DATA
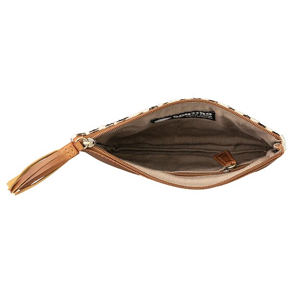 Hübsche flache Clutch mit auffälligem Felldesign und Lederquaste. So individuell wie unsere Lederlinie IndiWIEDUella, in die sie sich wunderbar einfügt.
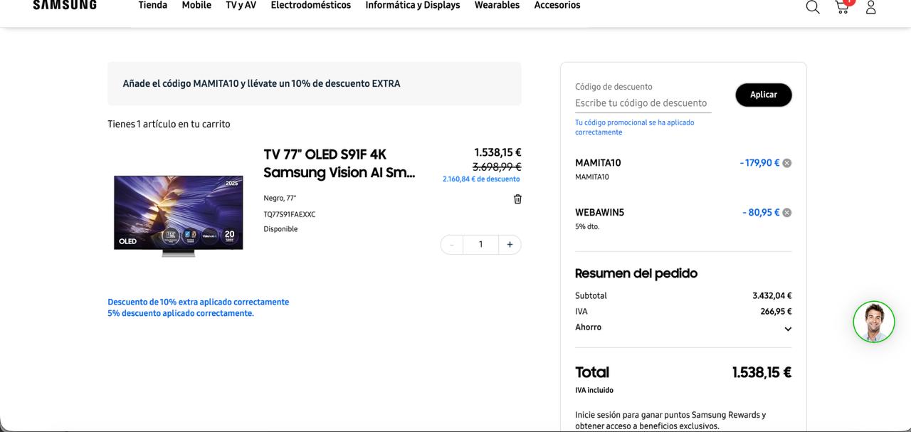 Bien, ahora la añadimos al carrito y nos dirigimos a él (arriba a la derecha), donde al darle veréis que podemos introducir cupones. Bien, pondremos los dos siguientes: MAMITA10 y WEBAWIN5 , con ellos conseguiremos automáticamente un descuento del 15%, quedando así el precio final en 1538 euros como podéis ver en la siguiente captura:
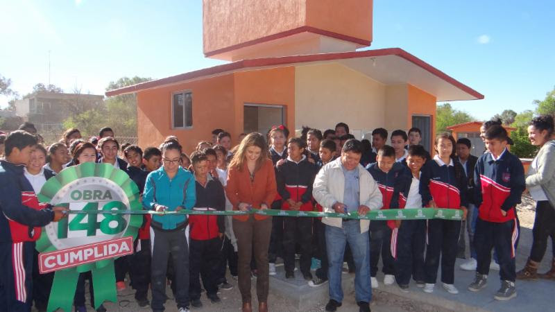 Tras entregar los servicios sanitarios en la telesecundaria Cuauhtémoc, en Santa María de los Ángeles, la funcionaria estatal dijo que esta obra tuvo una inversión de 619 mil 147 pesos y beneficiará a 94 alumnos.
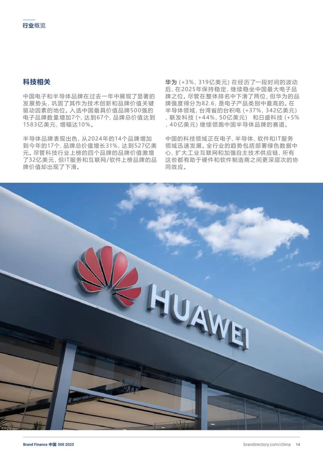 科技与半导体:电子行业品牌价值增长10%至1583亿美元,半导体行业增长31%至527亿美元。台积电(+37%至342亿美元)领跑半导体领域,华为(+3%至319亿美元)保持电子行业首位,品牌强度达82.6。
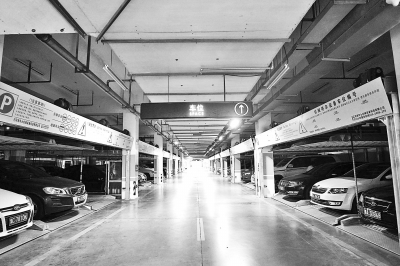 該停車場負(fù)一層是機(jī)械車庫,停得滿滿當(dāng)當(dāng);負(fù)二層也是機(jī)械車庫,但還有空位。

TASK DESCRIPTION
What you set down should be exactly the lines from the line containing "Tras entregar los" to the last line of the entries above, both included, with no pictures.

EXERCISE SOLUTION
 Tras entregar los servicios sanitarios en la telesecundaria Cuauhtémoc, en Santa María de los Ángeles, la funcionaria estatal dijo que esta obra tuvo una inversión de 619 mil 147 pesos y beneficiará a 94 alumnos.
 科技与半导体:电子行业品牌价值增长10%至1583亿美元,半导体行业增长31%至527亿美元。台积电(+37%至342亿美元)领跑半导体领域,华为(+3%至319亿美元)保持电子行业首位,品牌强度达82.6。
 該停車場負(fù)一層是機(jī)械車庫,停得滿滿當(dāng)當(dāng);負(fù)二層也是機(jī)械車庫,但還有空位。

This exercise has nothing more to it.